Filed under: November 2009 — earthood @ 12:08 pm

an august thursday last week. 10:30 am. i need to accompany and support. first sight. a painting of a woman, large prominent features, wings, surreal, tall as me.

two women assistants looked at me looking. one pointed with a long finger and i imagined, some kind of instrument used for cutting dense overgrowth in a jungle far away from central jersey. she pointed to a waiting, waiting room of varying comfort level of chairs, none soft and cushiony. a lonely box of kleenex on table near a book, ‘art of survival’, binder broken, pages ready to evacuate. anatomical paintings on wall; two half globes, america and australia. two lockets with small pictures of women. two half globes of a green mossy substance, small dinosaurs and dragons walking precariously on side. a painting of a planter covering a wide chest expanse, a vine escaping.  reminded me of a bean stalk. i was jack for sure. looking around, wondering, imagining, asking myself questions. what if? why am i the only testosterone person here?(just the word i thought of too) music piped in through speaker directly over my head (what used to be my soft spot). my day of crossing canal coincidentally close. not just music, no elvis. no rap. no dusty springfield. no iris dement. no voices. lots of piano. 5 hours of this music. not music but a dirge dragging on. i was in the land of funereal thoughts. couldn’t help it. outside the window to my left, a courtyard separating a one story building with all glass walls and no people about. one lone tree notably branch neutered and not moving or blowing in the wind. i wondered if the operation made it lethargic. the sky was uncannily blue. not a cirrus or cumulous cloud for 5 hours. not one passing by to change view. why was i the only male here? the colors all around were beige, green and white. chairs were too. i was feeling ominous, beige and white and sickly.

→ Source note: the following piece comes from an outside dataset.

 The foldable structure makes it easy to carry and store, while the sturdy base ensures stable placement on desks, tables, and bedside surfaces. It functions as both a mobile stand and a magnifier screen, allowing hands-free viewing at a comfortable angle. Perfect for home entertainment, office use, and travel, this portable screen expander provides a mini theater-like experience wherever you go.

a woman walked in with a clipboard. filled out a form. i was busy reading a primer on hemingway, the particular page about living life, experiencing and inventing. i was where i never dreamt to be. no eye contact with the woman. i think it was mutual, perhaps for me out of privacy respect. another woman walked in, dropped belongings and paced back and forth endlessly. i understood. i felt. that’s it. i started feeling things like never before. was i invading a private world. i still waited for gender company which never came. why was i the only male? i walked outside office looking for gender company. even my gender’s washroom, no gender company. the silence of a washroom, water splashing. strange but i was noticing things i never noticed. something was happening. surreal air in the conditioning system.

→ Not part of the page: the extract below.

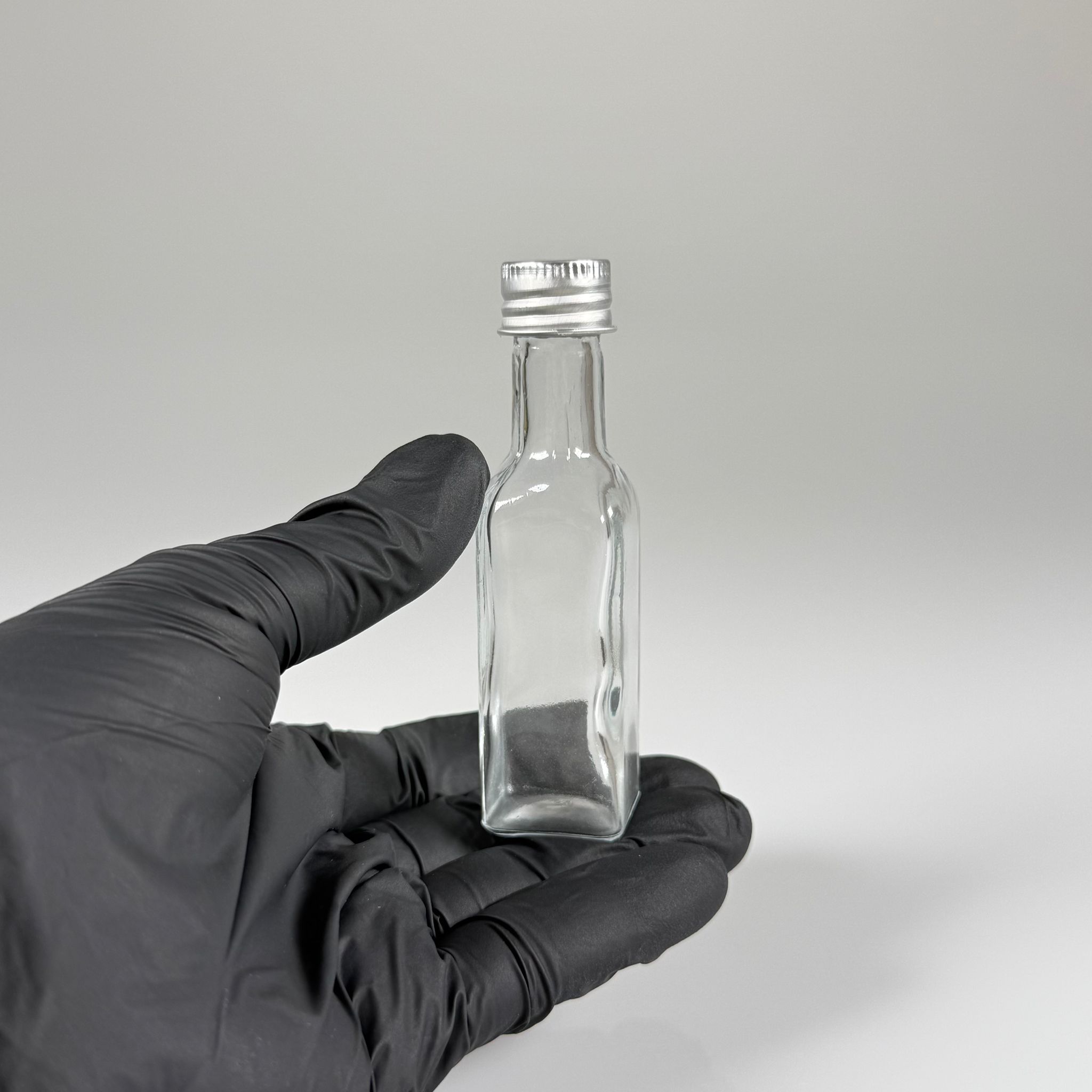 20 CC MARASKA KÖŞELİ KARE CAM ŞİŞE - CONTALI METAL ALÜMİNYUM GÜMÜŞ KAPAKLI + KOLONYA TIPALI - 20 ML KAPAKLI CAM ŞİŞE (SİLME 23 ML ALIR) - 330 adet

back to waiting room. even a crying baby would’ve worked to break an eerie silence. more women and clipboards. i started noticing faces. a sadness. a fear. a silence. one woman sat facing me. i tried to bury myself in book. there’s only so much clinical hemingway to absorb in an hour. an assistant walked in and handed that woman a large folder of x-rays or something. a few muffled words. a face left with no emotion. i saw fear. i wasn’t there. i was silent but felt i was changing. i think i was resolving to notice things in my world for the rest of my time in it. i couldn’t help it. i was changing. i hoped for gender company. none would ever come. another woman and a clipboard. another what if for me and then another one. hours passed. i didn’t even want one of the butter cookies on a tray in kitchenette(what a strange word, kitchenette). i wanted no water.  i wanted no movement. i just noticed a painting was not perfectly level and the neutered tree which i realized was probably my gender was still not moving. maybe there was no wind. a mighty wind would win branch movement. i wondered about this special kind of place and a special kind of fear and it’s gender tender specialty. the dirge music annoyed but i knew why it was there. i noticed i’d been there a long time. patients have come and gone and i still sit, hemingway now resting near the lonely kleenex box. if i wrote tissue box would readers know?  why am i the only male here?  why is there such loneliness here? why am i so lonely?  why am i still here?  why hasn’t one of the pointing fingers come in to reassure and point me out?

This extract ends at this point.